Jaclyn Dowaliby cold case reexamined 28 years later

ByChuck Goudie and Christine Tressel and Barb Markoff WLS logo
Saturday, May 14, 2016
Murder of Jaclyn Dowaliby still unsolved after 28 years
The I-Team reopens one of Chicagoland's most chilling unsolved crimes: 7-year old Jaclyn Dowaliby, taken as she slept in 1988.

MIDLOTHIAN, Ill. (WLS) -- The I-Team reopens one of Chicagoland's most chilling unsolved crimes: 7-year old Jaclyn Dowaliby, taken as she slept in 1988. Her killer is officially still "gone in the night," but some experts believe the case was solved years ago.

Jaclyn Dowaliby would have turned 35 in May, had she not been taken from her bed and murdered, a case that became nationally prominent in the made-for-TV movie "Gone in the Night." Her mother and stepfather Cynthia and David Dowaliby were arrested and taken to trial, then eventually acquitted. No one else has ever been charged.

The Dowaliby case files are rarely touched at Midlothian Police Headquarters, though her murder is officially unsolved.

Police say there hasn't been a new lead in years but oddly, even with an open murder on the books, Chief Harold Kaufman declined to be interviewed for this report.

"I don't know why the police are not pursuing this case," said Ralph Meczyk, David Dowaliby's former attorney.

"It suggests to me that they think they had it right and that there's nobody and nothing out there that is going to change that conclusion," ABC7 Legal Analyst Gil Soffer said.

In September 1988, someone apparently broke through a basement window and took Jaclyn Dowaliby as she was sleeping. The person carried her past the bedroom where her mother and adoptive father were sleeping and out the front door. A week later her body was found in a Blue Island field, a rope from the family's garage around her neck.

When Dowaliby disappeared, some eyes looked south to Florida where her biological father lived. There was just one problem with that theory: her father Jimmy Guess was in prison at the time.

"With Jaclyn gone, I mean a big, big part of me died. I just been living like a zombie ever since then. I mean it really tore me up, killed me. You know a lot of things didn't matter to me. Still don't," Guess said.

In 1988, with Guess in prison, police attention turned to Jaclyn's mother Cynthia and stepfather David.

"They will take the Fifth Amendment; they are not going to cooperate or communicate with us any further in this investigation," Midlothian police said at the time.

Two months later both were charged and tried together, and the jury was actually taken to the crime scene.
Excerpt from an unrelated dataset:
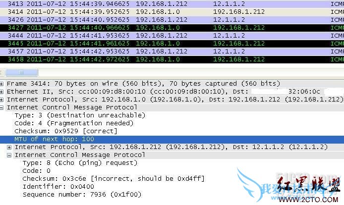 由网关回复的需要分片但设置不能分片的icmp差错报文。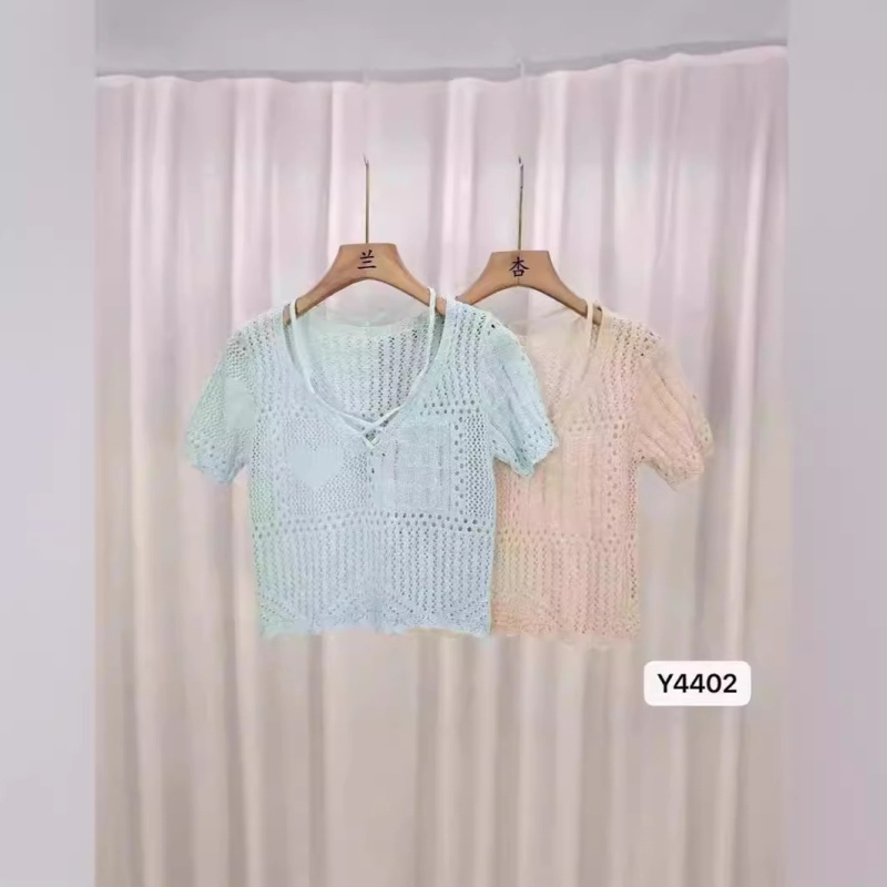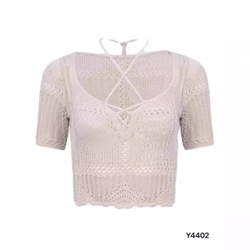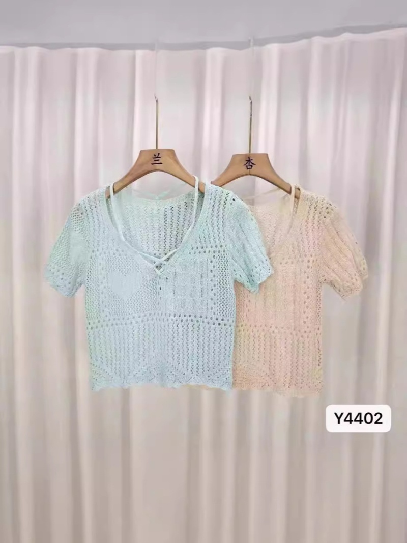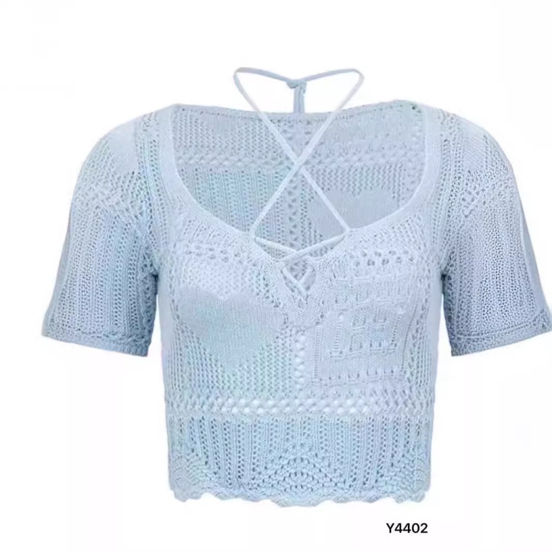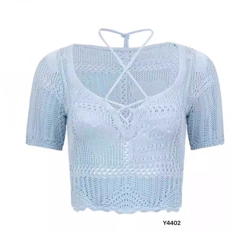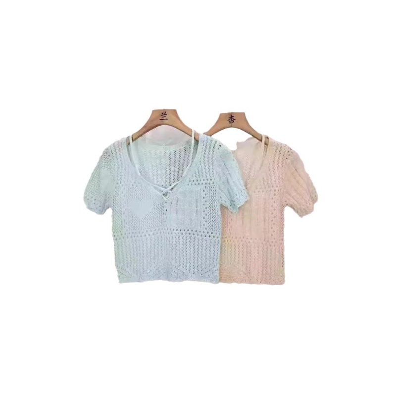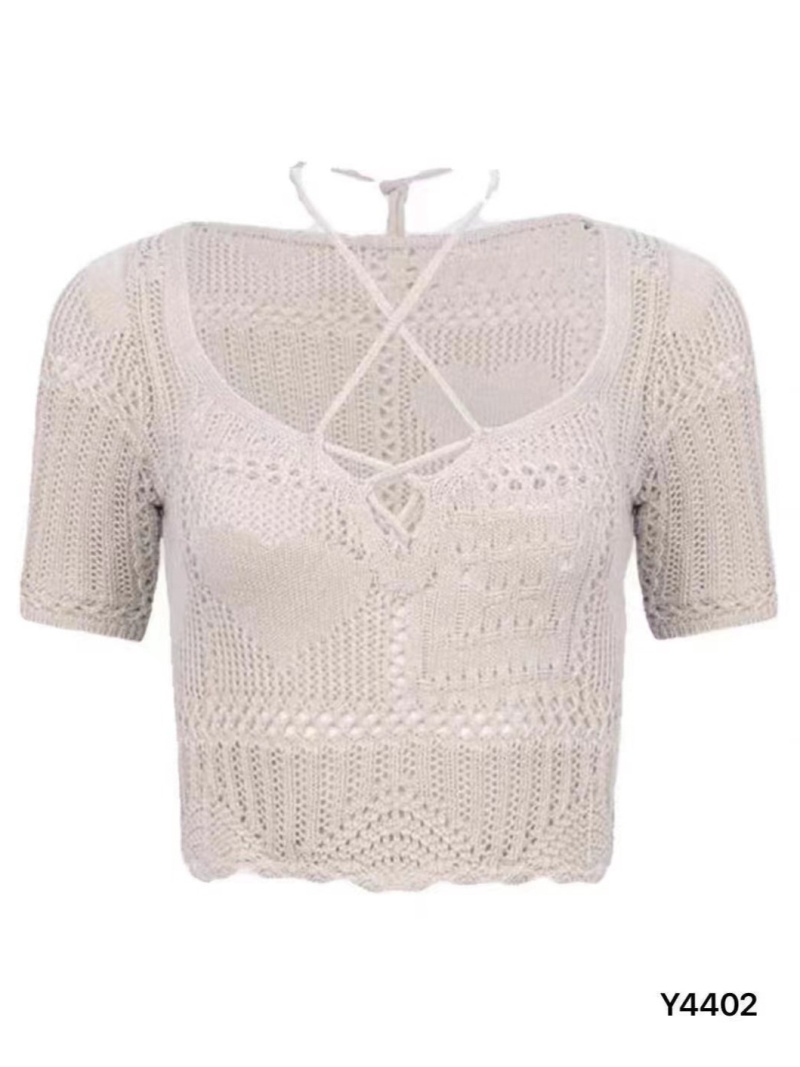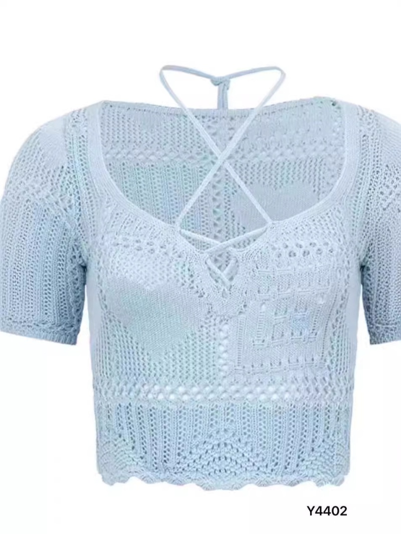 2024新款夏季小性感V领系带别致镂空针织短袖上衣女小性感V领系带

But before jurors could decide the case, a Cook County judge acquitted Mrs. Dowaliby for insufficient evidence. Mr. Dowaliby was convicted and sentenced to 45 years. But in 1991, he, too, was released when the Illinois appellate court overturned his conviction also because of insufficient evidence.

"I would ask them why? I mean, number one, why didn't you protect her? As her parents, that's -- how could you not protect a kid?" Guess said.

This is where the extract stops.